Сейчас Кейт находилась в миле отсюда, в загородном доме ее тетки, там же была и Хэдли. Они жили в одной комнате и спали в кроватях, от которых шел легкий запах плесени. Эрнест хорошо помнил эту комнату, как и остальные комнаты дома, однако с трудом представлял в ней Хэдли, ему вообще не удавалось увидеть ее в хорошо знакомых ему местах. Маленьким мальчиком он научился спускаться по поросшему пучками травы склону перед Уиндемиром.[1] Это было только начало. Здесь он научился всему, чему стоит учиться, — как поймать рыбу, очистить ее и выпотрошить, как обращаться с животным — живым или мертвым, как высечь огонь и как бесшумно передвигаться по лесу. Научился слушать. И запоминать главное, чтобы использовать это знание в случае необходимости.
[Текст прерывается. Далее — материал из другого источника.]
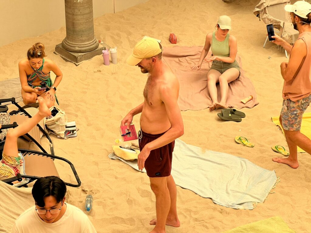 Está puesta en escena cuestiona las contradicciones humanas, a la vez que disfrutan la playa, critican el daño que la propia humanidad le hace al medioambiente.
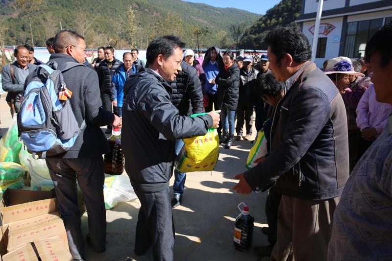 座谈后,“挂包帮”扶有关成员为贫困户发放了大米和食用油,希望困难群众能够坚定信心,争取早日脱贫。活动现场其乐融融,充满了欢声笑语,每一个群众都用他们最美的笑容表达了对党和学院的感激之情。

Это место никогда его не разочаровывало, но сегодня он был немного не в своей тарелке. Завтра в четыре часа дня они с Хэдли сочетаются законным браком в методистской церкви на Лейк-стрит. Его охватила паника, он почувствовал себя рыбой в туго натянутой сети, инстинктивно бьющейся за жизнь. Хэдли тут ни при чем. Предложение жениться исходило от него, но он не признался ей, как его страшит брак. Казалось, он заставлял себя пройти через это — так он поступал всегда, когда чего-то боялся. Он боялся брака, но он боялся и одиночества.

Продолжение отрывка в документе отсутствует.